**WORK TO BE COMPLETED**.
In the copy, include every entry exactly but none of its images.
::: PROVIDED ENTRIES :::
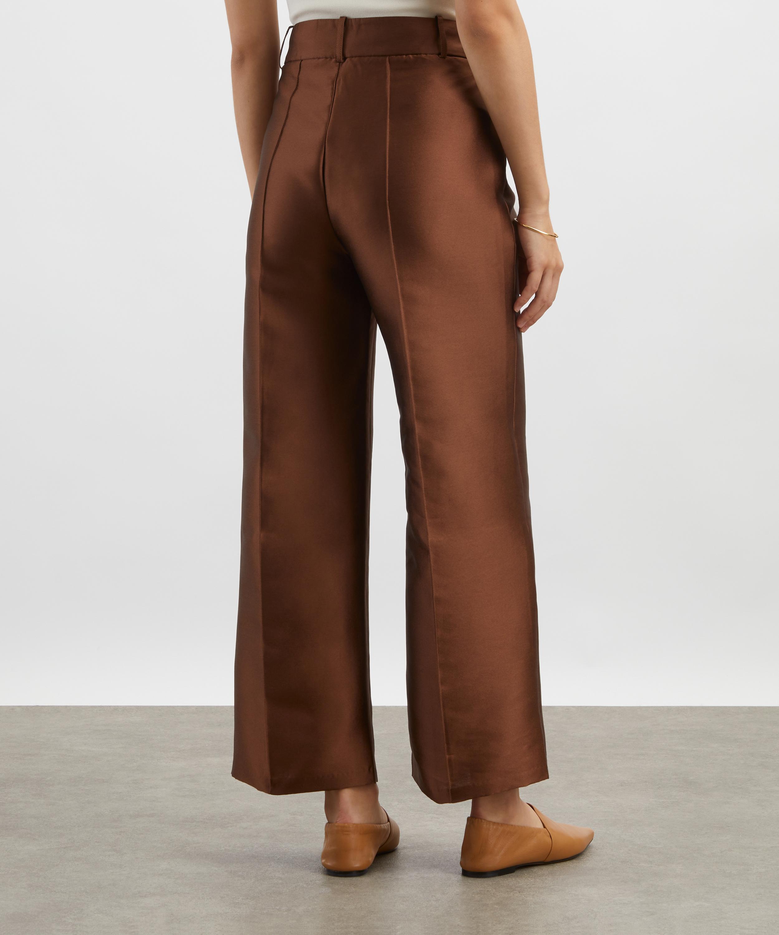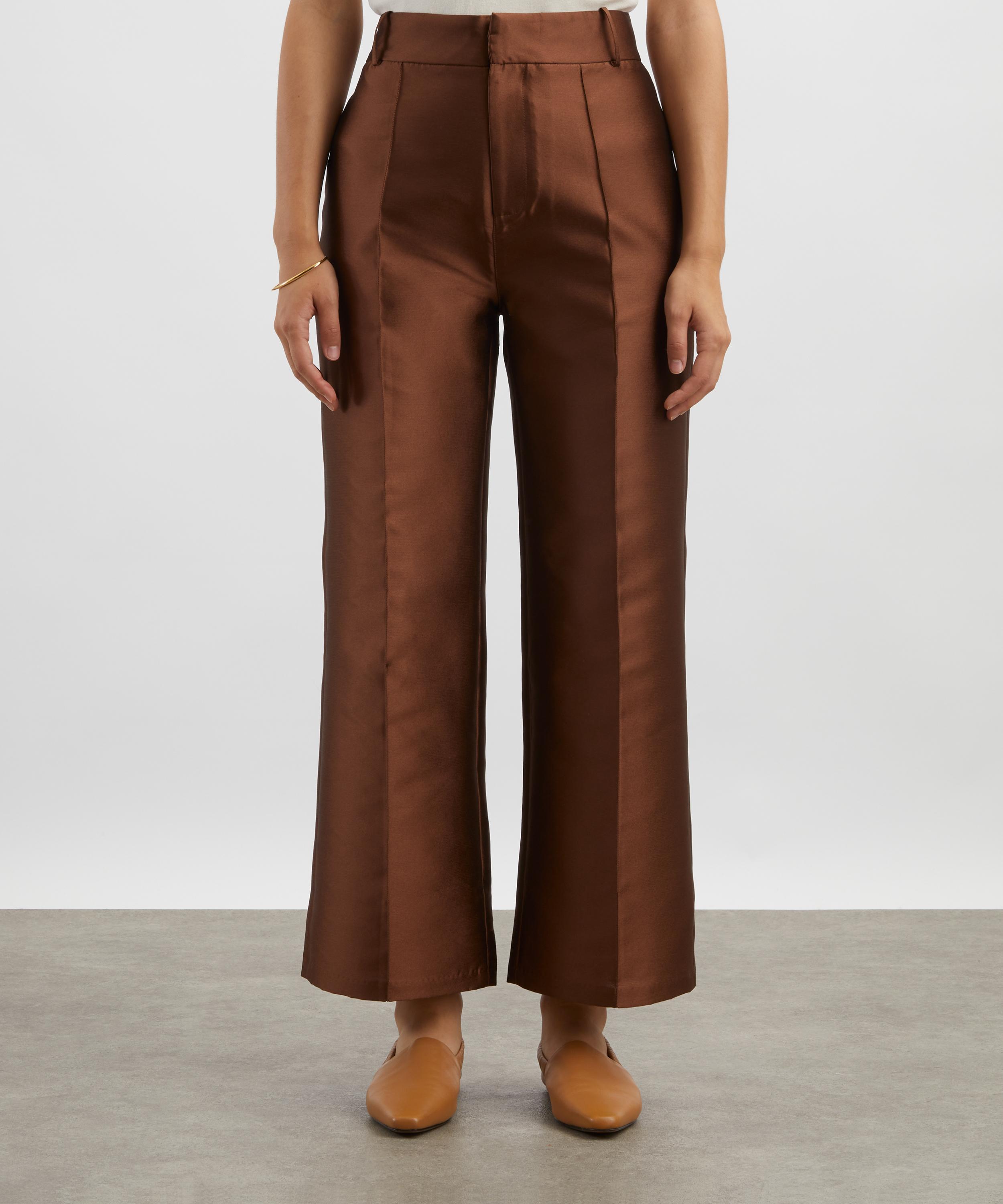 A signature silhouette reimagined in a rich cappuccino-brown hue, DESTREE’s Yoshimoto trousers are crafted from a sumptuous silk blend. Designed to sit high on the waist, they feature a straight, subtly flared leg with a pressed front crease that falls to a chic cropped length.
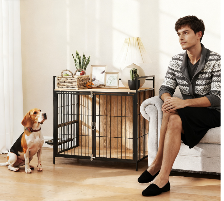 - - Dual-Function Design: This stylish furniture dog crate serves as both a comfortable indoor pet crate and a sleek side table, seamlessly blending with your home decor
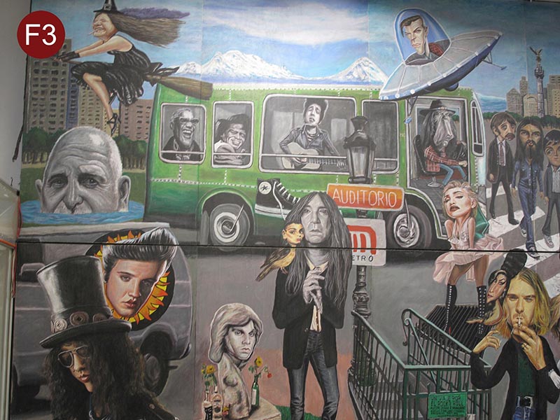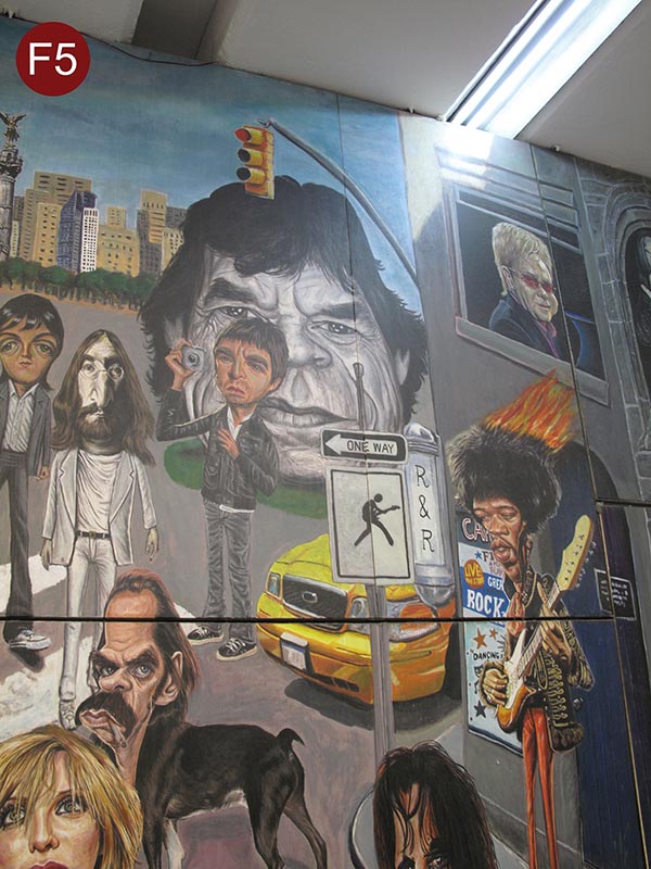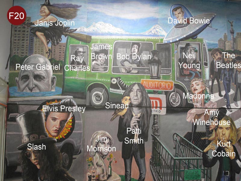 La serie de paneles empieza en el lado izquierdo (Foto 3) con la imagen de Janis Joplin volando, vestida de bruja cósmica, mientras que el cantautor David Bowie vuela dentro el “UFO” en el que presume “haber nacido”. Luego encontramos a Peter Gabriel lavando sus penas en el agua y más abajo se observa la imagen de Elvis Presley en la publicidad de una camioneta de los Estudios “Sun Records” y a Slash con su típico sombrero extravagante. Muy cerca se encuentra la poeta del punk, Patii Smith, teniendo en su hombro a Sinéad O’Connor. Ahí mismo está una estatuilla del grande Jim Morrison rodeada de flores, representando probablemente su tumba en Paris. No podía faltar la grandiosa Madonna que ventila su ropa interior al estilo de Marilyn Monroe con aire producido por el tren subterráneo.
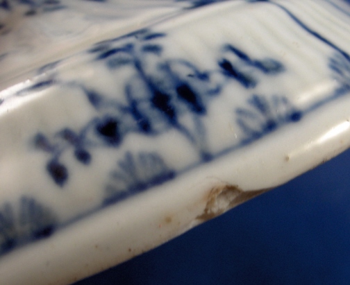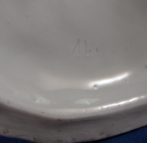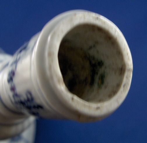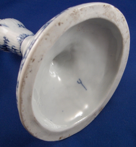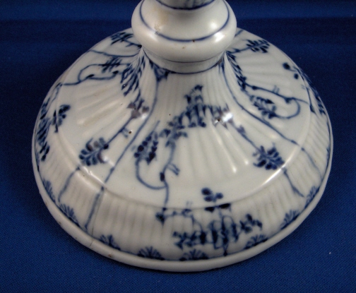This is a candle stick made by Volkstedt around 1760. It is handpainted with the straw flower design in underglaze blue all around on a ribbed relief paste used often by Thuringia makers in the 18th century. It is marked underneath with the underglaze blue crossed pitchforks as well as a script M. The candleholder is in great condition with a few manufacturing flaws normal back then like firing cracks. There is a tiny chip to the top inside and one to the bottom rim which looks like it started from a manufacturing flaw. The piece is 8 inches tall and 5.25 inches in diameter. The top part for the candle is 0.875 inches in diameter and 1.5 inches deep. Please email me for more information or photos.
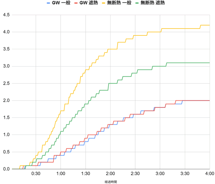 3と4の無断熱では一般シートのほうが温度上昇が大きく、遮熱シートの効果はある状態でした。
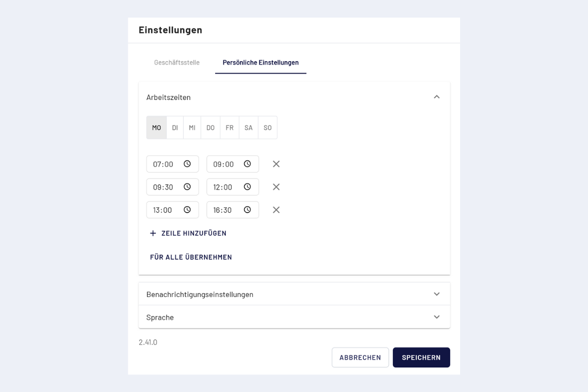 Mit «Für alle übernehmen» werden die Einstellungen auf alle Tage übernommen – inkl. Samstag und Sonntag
:::
**SOLUTION FOR THIS TASK**.
 A signature silhouette reimagined in a rich cappuccino-brown hue, DESTREE’s Yoshimoto trousers are crafted from a sumptuous silk blend. Designed to sit high on the waist, they feature a straight, subtly flared leg with a pressed front crease that falls to a chic cropped length.
 - - Dual-Function Design: This stylish furniture dog crate serves as both a comfortable indoor pet crate and a sleek side table, seamlessly blending with your home decor
 La serie de paneles empieza en el lado izquierdo (Foto 3) con la imagen de Janis Joplin volando, vestida de bruja cósmica, mientras que el cantautor David Bowie vuela dentro el “UFO” en el que presume “haber nacido”. Luego encontramos a Peter Gabriel lavando sus penas en el agua y más abajo se observa la imagen de Elvis Presley en la publicidad de una camioneta de los Estudios “Sun Records” y a Slash con su típico sombrero extravagante. Muy cerca se encuentra la poeta del punk, Patii Smith, teniendo en su hombro a Sinéad O’Connor. Ahí mismo está una estatuilla del grande Jim Morrison rodeada de flores, representando probablemente su tumba en Paris. No podía faltar la grandiosa Madonna que ventila su ropa interior al estilo de Marilyn Monroe con aire producido por el tren subterráneo.
This is a candle stick made by Volkstedt around 1760. It is handpainted with the straw flower design in underglaze blue all around on a ribbed relief paste used often by Thuringia makers in the 18th century. It is marked underneath with the underglaze blue crossed pitchforks as well as a script M. The candleholder is in great condition with a few manufacturing flaws normal back then like firing cracks. There is a tiny chip to the top inside and one to the bottom rim which looks like it started from a manufacturing flaw. The piece is 8 inches tall and 5.25 inches in diameter. The top part for the candle is 0.875 inches in diameter and 1.5 inches deep. Please email me for more information or photos.
 3と4の無断熱では一般シートのほうが温度上昇が大きく、遮熱シートの効果はある状態でした。
 Mit «Für alle übernehmen» werden die Einstellungen auf alle Tage übernommen – inkl. Samstag und Sonntag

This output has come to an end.